In 2017, Ooley founded EveryPedal, which was originally designed for middle school girls but now includes both boys and girls from elementary through high school. The first year, five girls signed up; the next year, 65 did. In 2020, she expects to have 150 participants.

Other coaches I spoke with said they understood the draw: while youth cycling programs often recruit girls at roughly the same rate as boys, retaining girls through middle school can be a struggle. Pete Webber, executive director of Boulder Junior Cycling, also in Colorado, said it’s not clear what exactly turns them off, whether it’s simply a decision to pursue other interests or because mountain biking develops a macho vibe, but the data backs up the gender gap: only 20 percent of National Interscholastic Cycling Association (NICA) members and 15 percent of USA Cycling members identify as female.

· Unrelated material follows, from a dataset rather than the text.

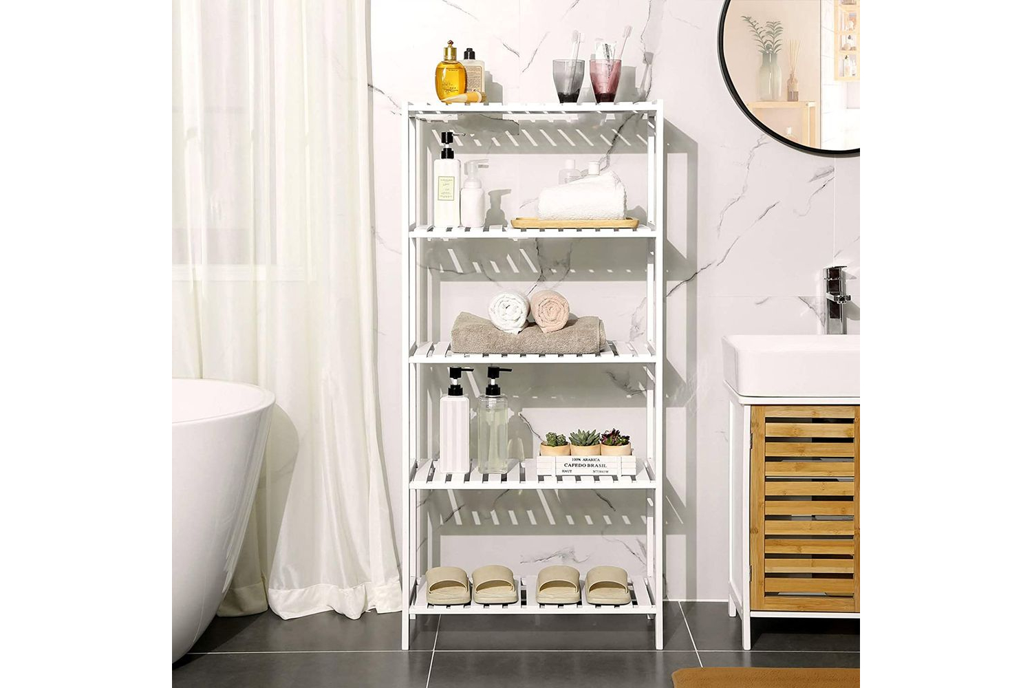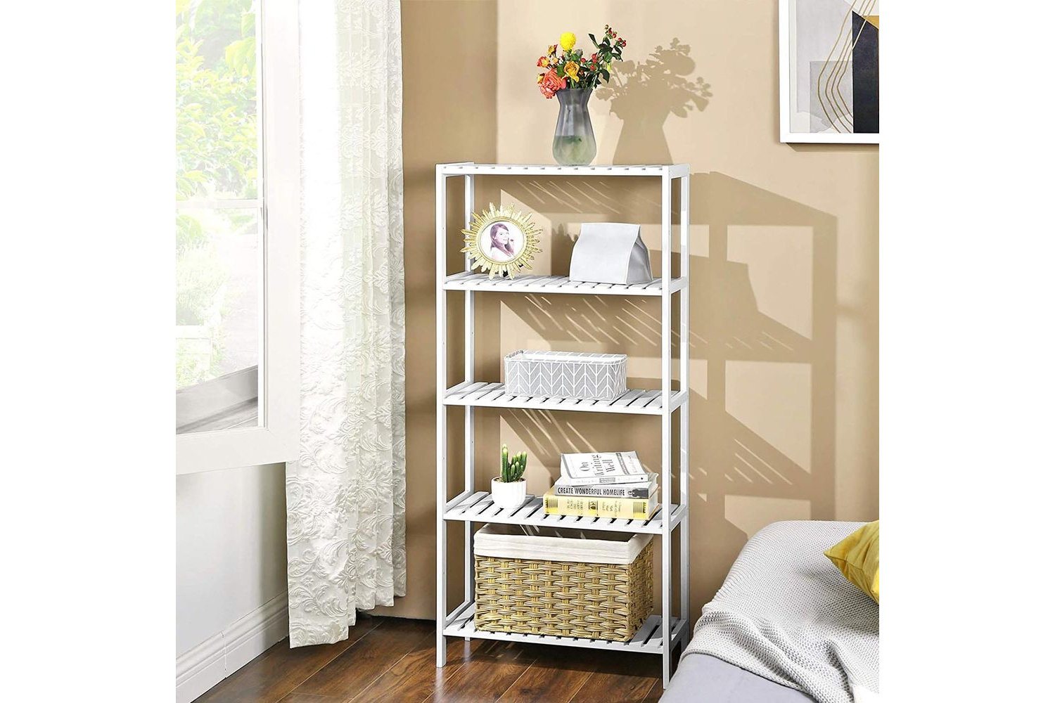 IN LOVE WITH SHELVING: No space wants to miss a shelf like thisa cornucopia of storage that also feels a bit modern and relaxing; with an airy display of adjustable shelves, your heart will see everything you love, and your head will be satisfied by the orderWHATS YOUR PLAN Set this all-around stand in the bathroom for lotions and towels, in the living room for books and trinkets, in the kitchen for pots and pans, on the balcony for blooming flowers, in the hallway for shoes, in the cellar, garage, or anywhere elseBAMBOO BENEFITS: Theres more to this beautiful bamboo storage shelf than just charming looks; bamboo is chosen for its durable, low-carbon, and renewable qualities that make it a go-to choice for green homes (shelf max. load: 10 kg ea.)NO-BRAINER ASSEMBLY: You dont have to be a handyman, as each side frame comes in an integral piece; simply connect the shelves with the side frame, you will have this refreshing shelf set up in no timeInternational products have separate terms, are sold from abroad and may differ from local products, including fit, age ratings, and language of product, labeling or instructions.Specifications:- Colour: White- Material: Bamboo- Product Size: 60 x 26 x 130 cm (L x W x H)- Product Weight: 5.7 kg- Max. Static Load Capacity of Each Shelf: 10 kg Package Contents:- 1 x 5-Tier Bamboo Shelf- 1 x Anti-Tip Kit- 1 x Accessory Kit- 1 x Instructions (EN, DE, FR, ES, IT)

“We had many of those days, her and I, helmets off, crying together.”

This gender imbalance doesn’t only show up in cycling. Of more than 5,000 surfers surveyed by the Surfrider Foundation, 90 percent were male. And a 2013 survey of people who participate in snow sports like skiing and snowboarding found that 62 percent were male. The disparities start early: parents of preschool girls are 16 percent less likely to give their children outdoor playtime than parents of preschool boys, and older girls are 10 percent less likely to participate in outdoor activities than boys.

Because playing sports has been linked to better grades, increased self-esteem, and better physical health, these numbers matter. Gender inequality in outdoor sports can create environments where sexual harassment and discrimination run rampant and where female athletes and outdoorswomen are undervalued. The average men’s team at road biking’s international UCI World Tour, for instance, enjoys a $16 million budget, while a comparable women’s team gets just $200,000. Women are also excluded from the Tour de France—and there’s no women’s equivalent.

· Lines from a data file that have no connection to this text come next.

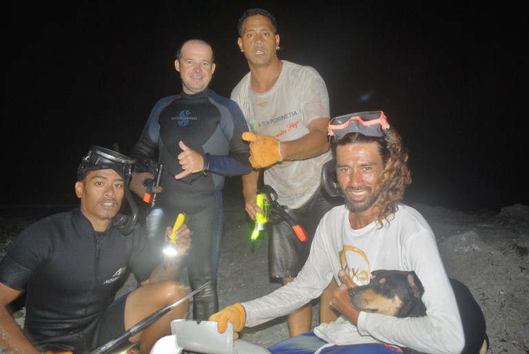 Les pécheurs en pirogue sont du coté d'Alofi là ou nous sommes installés sur corps morts .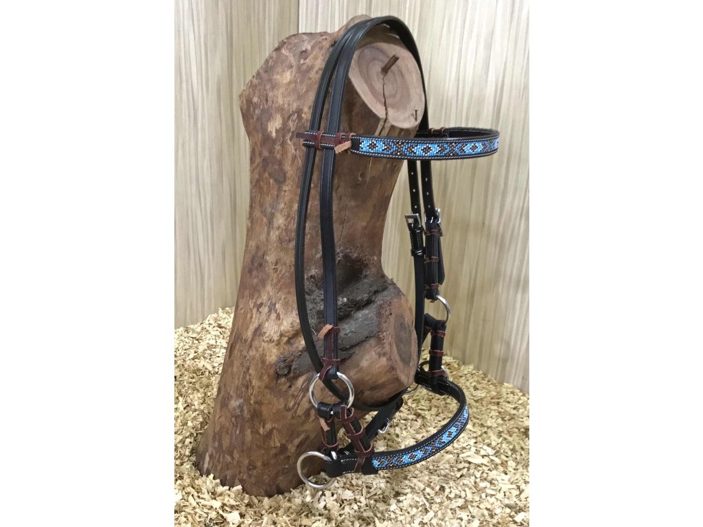 Westernový sidepull zdobený modrými korálky, full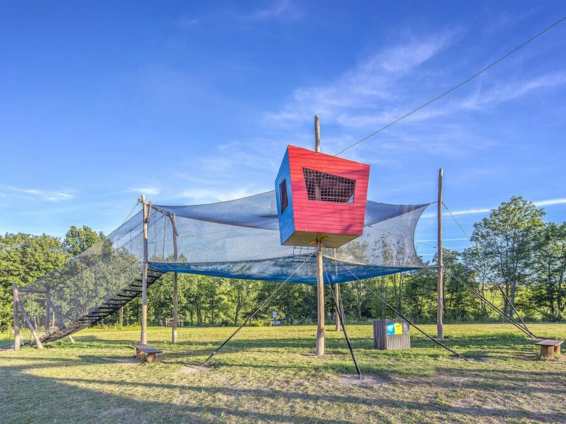 Selve legefladen udgør cirka 90 m² og er placeret omkring fire meter over terræn. Her kan man bevæge sig frit, opholde sig, hoppe eller finde ro med udsyn til omgivelserne. Netfladen kan suppleres med gummibolde i varierende størrelser, hvilket tilfører taktil variation og en mere dynamisk bevægelsesoplevelse.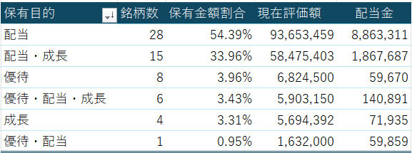 次に保有している銘柄をどういう目的で保有しているかに分類してみました。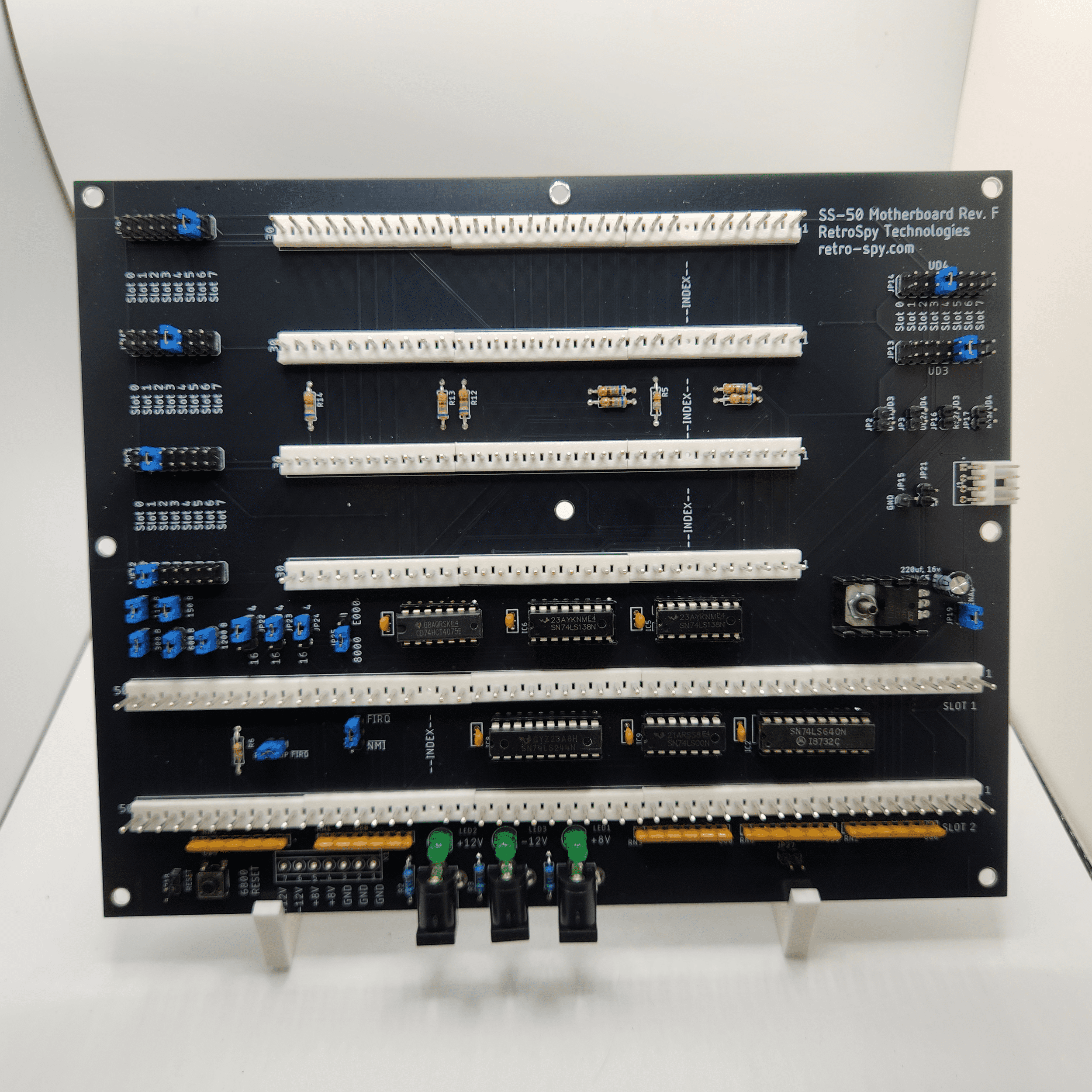 The RetroSpy Technologies SS-50 motherboard is a modern and compact take on a SS-50/30 motherboard. Intended for use with the RetroSpy Technologies 6800 CPU Board and one or more SS-30 peripheral boards, but works with vintage SS-50/30 boards also.

In the past few years, the cycling community has worked toward equality by fighting for equal prize money and launching women’s-only gatherings like Roam Fest, which brings together 300 female-identifying mountain bikers to North Carolina each year. But until recently, the industry has paid less attention to addressing the root of the problem: making sure kids of all gender identities have equal access to outdoor recreation.

Now organizations like Ooley’s EveryPedal, as well as traditional junior cycling programs, are taking steps to ramp up girls’ involvement. The Cycle Effect, in Eagle, Colorado, focuses specifically on getting low-income and underrepresented teenage girls on bikes. At the national level, NICA recently launched an initiative called Girls Riding Together, or GRIT, to recruit and retain more female riders. Boulder Junior Cycling has committed to raising girls’ participation from 20 to 40 percent in three years, in part by hiring more female coaches, making single-gender groups available at every age, and offering a fleet of affordable rental bikes so girls can try the sport without the financial commitment.

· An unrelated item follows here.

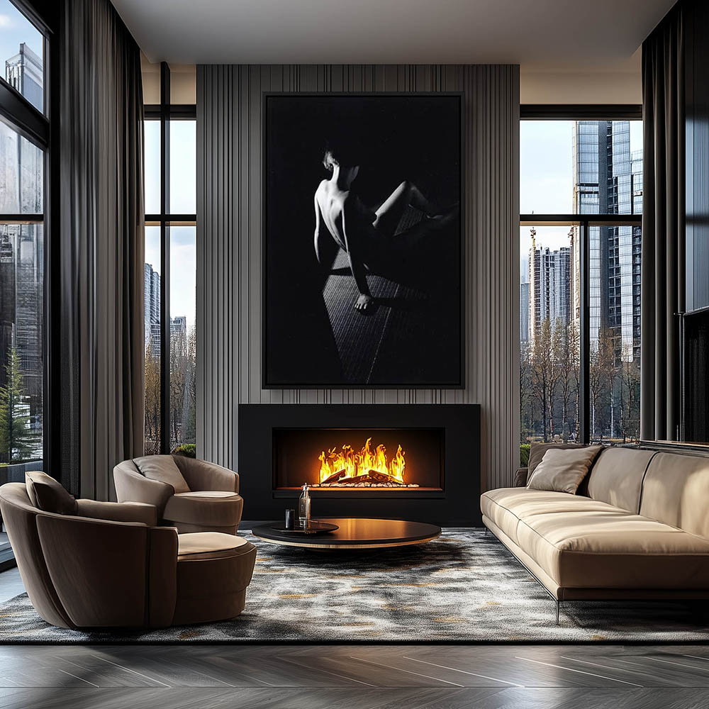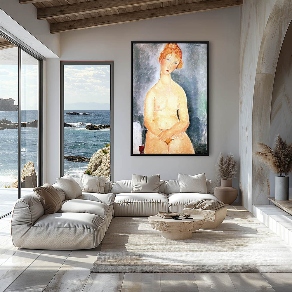 Abstract Figurative Painting of a Seated Nude Woman with Red Hair

So far those simple steps seem to be working. “We’re seeing rapid change,” Webber said about Boulder Junior Cycling. “Especially with teenage girls right now, we’re just not seeing that drop-off.”

And when girls stick with a sport, there can be a ripple effect. The girl who kept breaking down in tears with Ooley in Durango? She went on to become a state mountain-biking champion and now acts as a role model and mentor for younger girls in the area.